BigBrotherAwards
April 4, 2011Late last week, this year's BigBrotherAwards were handed out to organizations, businesses and individuals deemed to be undermining privacy and data protection using technology and information.
The annual awards are bestowed by FoeBuD e.V., a German non-profit activist organization that was first formed in 1987 to protect civil rights and data security. The BigBrotherAwards include categories such as "Workplace," "Politics" and "Consumer Protection."
This year a negative award was handed out to Facebook under the category of Communications for "systematically poking its nose into people and their relationships, behind the friendly facade of an ostensibly free service," according to FoeBuD's description of the award.
According to the BigBrotherAwards website, the online social media platform is likened to a gated community "sprawling across the net in which people are monitored every step of the way. It is governed by the whims of a corporation that is earning billions with systematic privacy violations."
Other "winners" included the German auto manufacturer Daimler, for requiring blood tests of its employees, a practice FoeBud compared to vampirism, and Apple's Munich branch, which the award accused of "taking their customers hostage by way of expensive hardware and subsequently blackmailing them into accepting a questionable privacy policy."
A shift in public opinion
A separate statement from FoeBuD said the BigBrotherAwards should get the credit for making privacy infractions a topic of public furor, which they often are in Germany.

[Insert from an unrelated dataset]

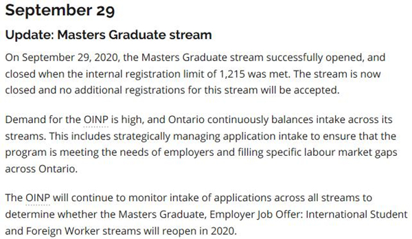 但由于安省省提名的EOI系统投入使用需要8-10个月,所以在此之前仍会延用旧的方式来申请,今天的这次硕士移民开放即是如此。并且不排除在明年9月份之前仍会以抢名额方式开放安省硕士移民项目和安省雇主担保移民项目的两个类别。

"In the 1990s, privacy and data protection were not issues that would stir many people from their easy chairs," the statement said. But since launching the faux-awards in 2000, FoeBuD reckons they've made their share of public relations coups, though they often remain out of the limelight.
BigBrotherAward winners often react "with the well-known combined response: ignore, deny, talk down," according to the activists. "Politicians have had a lot of practice – and so have company PR departments."
But their greatest achievement has been in bringing the offenders into the public forum, FoeBuD said.
"Our most important success is the difference we made in people's minds. Data protection and privacy is now an issue at the heart of society."